DECIDES Europe - Preventing Gender-Based Violence, the Youth's Outlook
DECIDES Europe is a project that aims at contributing to reduce Gender Based Violence (GBV) in three European countries, Denmark, Romania and Spain. Started in September 2018, it seeks to contribute to the prevention of gender-based violence (GBV) by improving the awareness of young people about all forms of GBV, its causes, consequences and providing tools to prevent, recognize and counter it in Denmark, Romania and Spain. The beneficiaries of the project are young students, aged 15 to 18, school staff, such as teachers, counsellors and school managers, parents, and vulnerable groups such as young people and young migrants. The project also aims to encourage local authorities and schools involved to set up a common framework or protocol of action to address GBV in the educational system.

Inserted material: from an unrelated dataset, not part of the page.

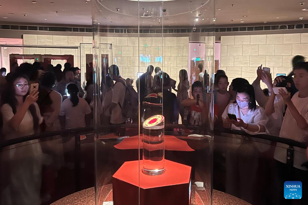 Visitors take photos of the Sun and Immortal Birds gold ornament at the Jinsha Site Museum in Chengdu, southwest China's Sichuan Province, July 13, 2024. (Xinhua/Kang Jinqian)

CulturalBase: Social Platform of European Identities and Cultural Heritage
CulturalBase. Social Platform on Cultural Heritage and European Identities (in the framework of the Horizon 2020 work programme 2014-2015 Europe in a changing world: inclusive, innovative and reflective societies) aimed to address the topic of Heritage and European Identities from a double standpoint, namely, an analytical as well as a public policy perspective. Since the second half of the last century, culture has experienced a profound mutation, through which its position and role in the social dynamics have been transformed. Whereas it was previously confined to a purely superstructural position, it now constitutes an essential basis of today society.
In the context of cultural digitization and globalization the entire cultural ecosystem has changed, which has radically altered and at the same time, intensified the relationship between cultural identity, cultural heritage and cultural expression. This transformation has occurred both at the level of the professional cultural sector as well as in society as a whole. The project developed a common approach on key issues related to cultural heritage and European identities through academic research and a shared process of structured content production in three main areas: cultural memory, cultural inclusion, cultural creativity.
The public value of Culture for Social Cohesion and Urban Development in Africa - Culture at Work Africa
Culture at Work Africa takes up the challenge raised by the African Union and its vision for 2063 for an integrated, prosperous and peaceful Africa, driven by its own citizens and representing a dynamic force in the international arena. To achieve the aforementioned, Culture at Work Africa carries out a wide range of activities including the support to innovative on-the-ground projects aiming at developing safe and neutral spaces for intercultural dialogue, active citizenship and intercommunity relations, training and capacity-building of cultural operators, public authorities and cultural mediators, networking and exchanges between different stakeholders, as well as awareness raising on the importance of culture and cultural diversity for sustainable human development.